Will follow "Les Guérillères" (1969) and "Le Corps lesbien" (1973), an essay which has just been reissued.

In these texts, she works on pronouns.

Arguing that the masculine has appropriated the universal, she pleads for a use of "we" and that words such as + man + and + woman + be removed.

Beyond pronouns, she wants to free herself from norms: masculine or feminine, literature or essay...

"She did not want to choose between literature and theory and put literature in theory and vice versa", deciphers for AFP the writer Emilie Notéris who dedicated the book "Wittig" to her (2022, ed . Les Pérégrines), a kind of "draft for a biography", according to him.

From MLF to exile

On August 26, 1970, she was one of the handful of activists who laid a wreath in memory of the wife of the unknown soldier under the Arc de Triomphe in Paris, in what was the founding act of the French feminist movement MLF (Mouvement women's liberation).

Six years later, she left France for the United States.

The reason ?

Deep ideological differences with his MLF comrades.

According to Wittig, the struggle involves questioning heterosexuality as a model of society.

At the MLF, "Monique Wittig was confronted with the limits of what it was acceptable to think in a framework circumscribing lesbianism to a simple sexuality", assures AFP Dominique Bourque, professor at the Institute of Feminist Studies and genre and the French department of the University of Ottawa.

It is this dividing line, between on the one hand the revolutionary vision - which some will consider radical - of Monique Wittig on a heterosexual system (dominated by men) to be fought via political lesbianism and that of the militants of the MLF who only see lesbianism as a sexual orientation, which will isolate the writer.

She was "set aside and made invisible", affirms to AFP the journalist, feminist activist and elected mayor of Paris Alice Coffin, who says she only discovered her thought "lately".

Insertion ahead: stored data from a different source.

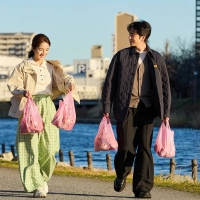 この日撮影したのは、出会って間もない二人が商店街で偶然、遭遇するシーン。青果店で買い物する桃子を見かけるミンソク。会話を交わしていると、底が抜けてしまった買い物袋から果物や野菜が転がり落ちて…という自然と笑みがこぼれる微笑ましい場面が展開する。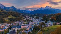 Een 16:9 foto van een zonsondergang in de herfst van Berchtesgaden, een oude stad in het zuidoosten van Beieren, Duitsland, dat gelegen is in het dal van de Berchtesgadener Ache en dat omgeven wordt door hoge bergen.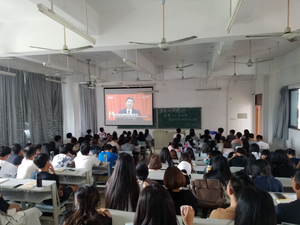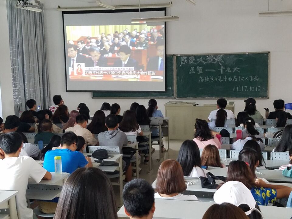 党委组织师生通过广播、电视、网络等形式认真收听收看党的十九大开幕会盛况。学院直播教室庄严隆重,师生们聚精会神听取大会报告。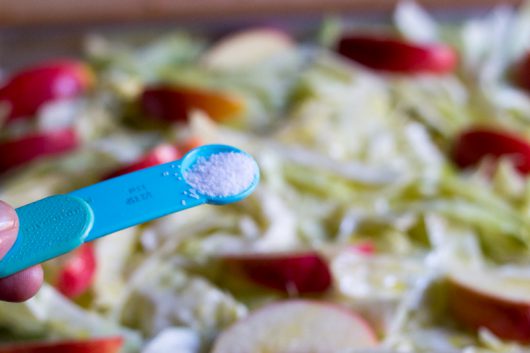 Scatter the apple wedges over the cabbage, and then give them a drizzle of olive oil…
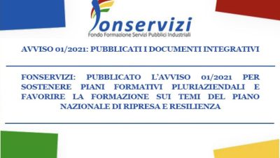 Segnaliamo che Fonservizi - Fondo Paritetico Interprofessionale Nazionale per la Formazione Continua nei Servizi Pubblici Industriali - ha di recente promosso l’Avviso n. 1/2021 che interesserà i fabbisogni formativi del 2022. All’avviso possono partecipare tutte le aziende aderenti al fondo presentando un Piano formativo finalizzato al consolidamento ed allo sviluppo dell’occupabilità e delle competenze… [...]
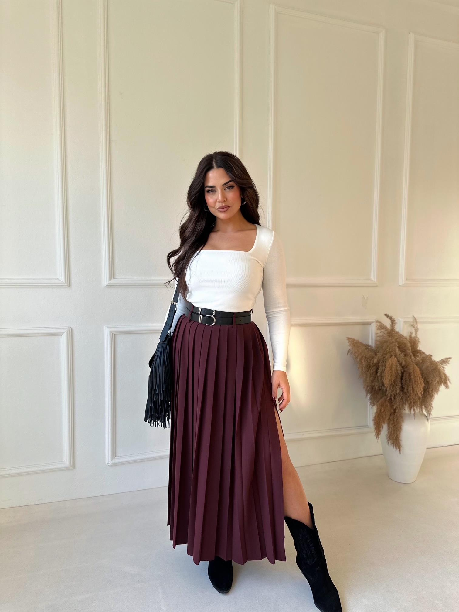 Premium Kalite Çift Kemerli Bordo Maksi Pileli Etek | Nora Butik ile stilinizi ön plana çıkarın. Nora Butik'in özenle hazırladığı bu özel parça, günlük kullanımda rahatlık ve şıklığı bir arada sunuyor. Kadın giyim modasına yön veren detaylarla tasarlanmış bu ürün, günlük kombinlerinizi zenginleştirecek. Hafif dokusu, zarif kesimi ve özgün tasarımıyla hem şehir hayatında hem de özel davetlerde ideal tercihler arasında yer alır. Nora Butik olarak kadınların kendine güvenen ve özgür stilini destekliyoruz. Her gardıropta mutlaka yer alması gereken bu şık parça ile modayı yakalayın.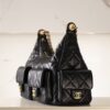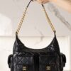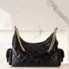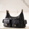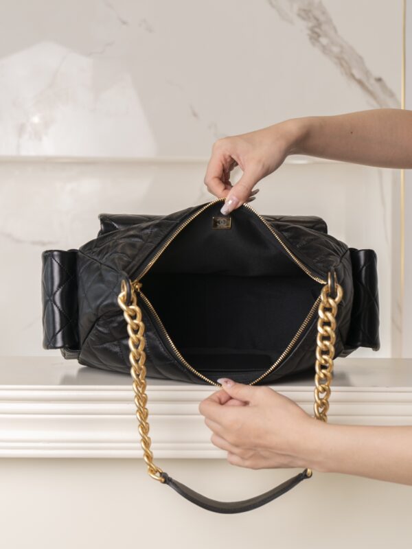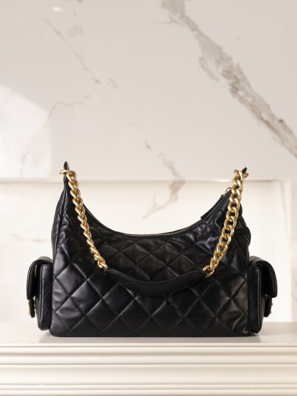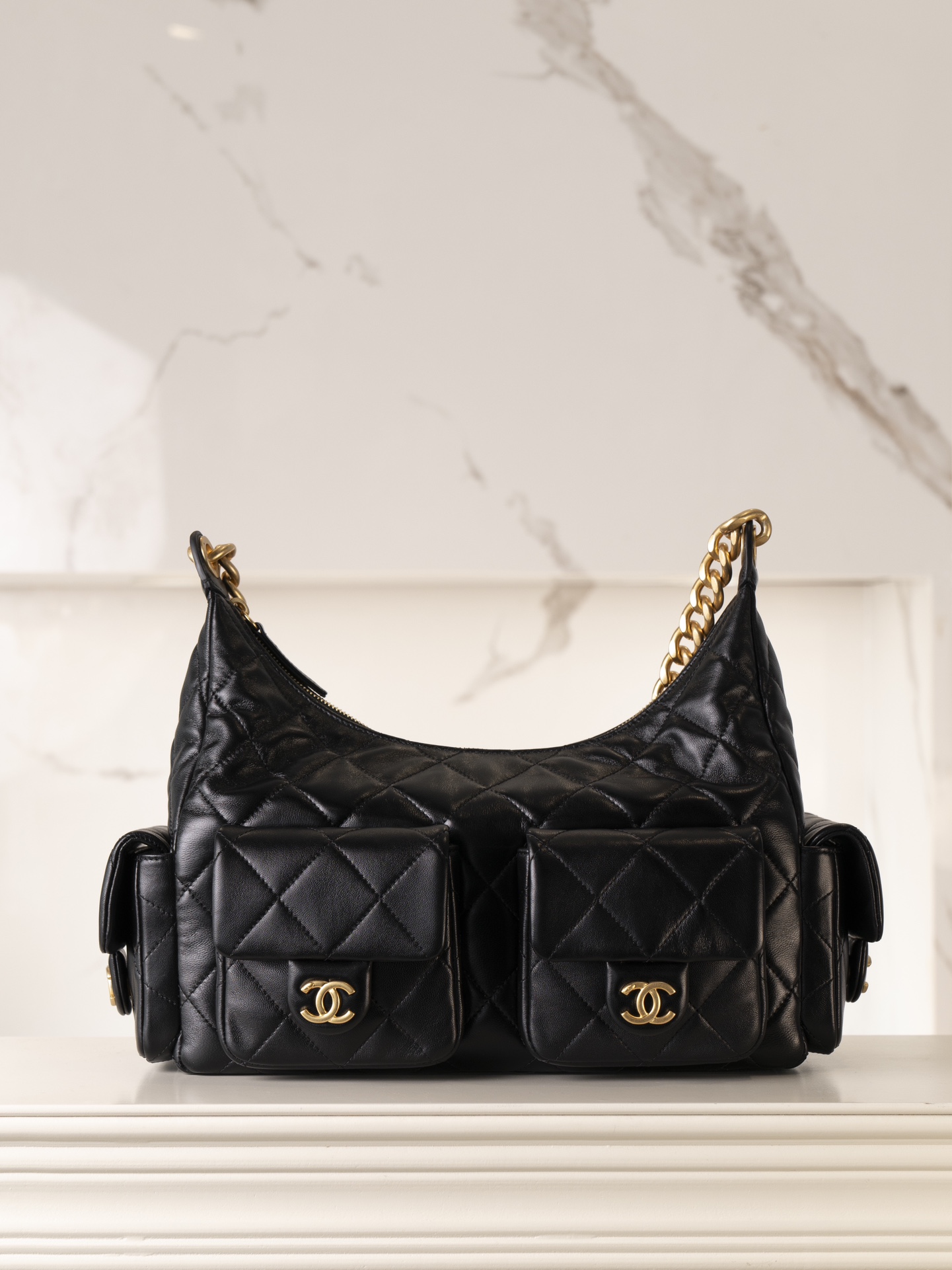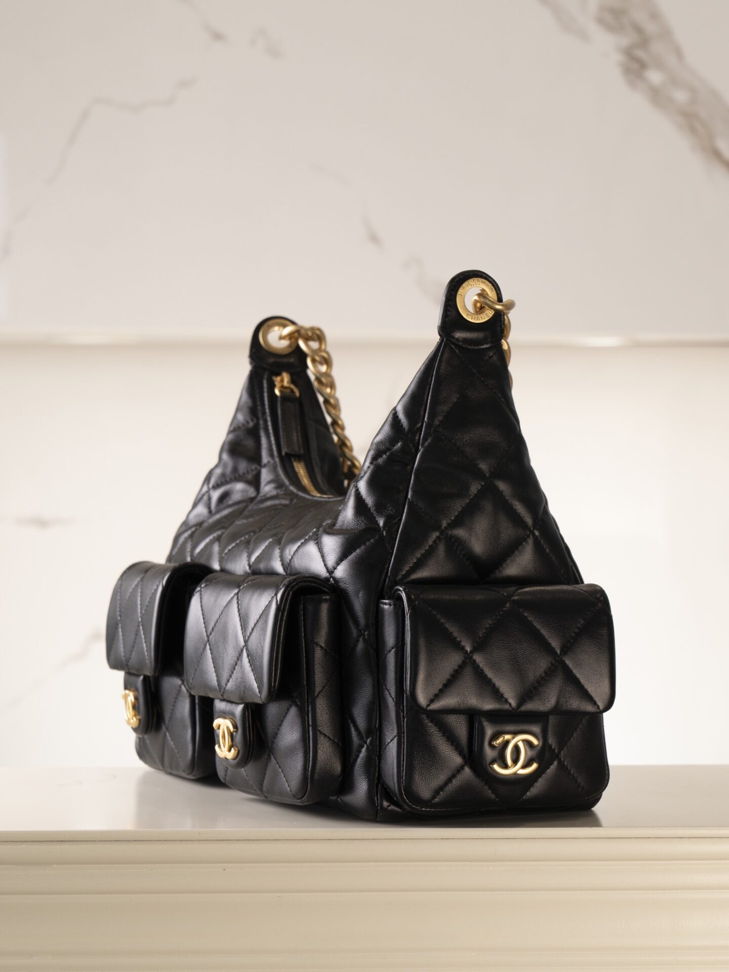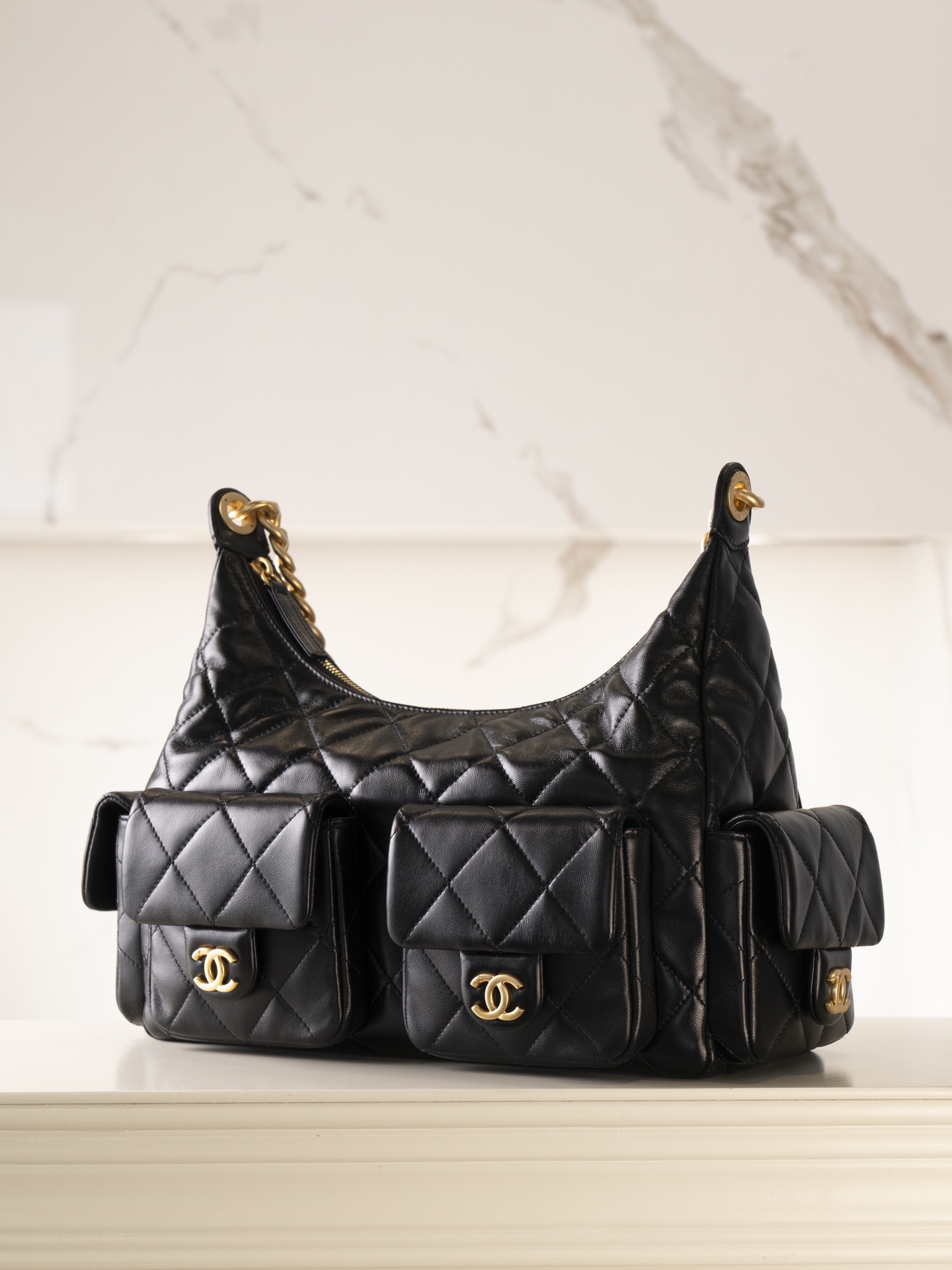 샤넬의 대형 히피 호보 백은 블랙 색상으로 클래식한 매력을 자아냅니다.

She was also inspired by the work of Monique Wittig in her successful essay "The lesbian genius", in 2020. Grasset).

heiresses

Once in the United States, Monique Wittig taught at the university and wrote texts such as "La Pensée straight", published in English in 1992. However, recalls Emilie Notéris, her life "was far from easy. did not know glory, on the contrary, it was a life of struggle".

It was not until the 2000s that his thought circulated a little more widely in France thanks to activists who did not hesitate to quote his texts.

Thus in 2019, the writers Virginie Despentes and Anne Garréta accompanied by the historian Laure Murat, the editor Suzette Robichon and the performer Rébecca Chaillon made a public reading of "Guérillères" at the House of poetry, in Paris.

It also influences novels such as Wendy Delorme's "The Time of Fire Will Come" or Juliet Drouar's "Sortir de l'hétérosexualité" book.

For Dominique Bourque, the evolution of society and mentalities "have made it possible to highlight his career and his works".

A rediscovery linked to the fact that "post-MeToo feminism is no longer afraid to point out men by refusing a discourse of complementarity between men and women, which political lesbianism has always done", abounds Alice Coffin.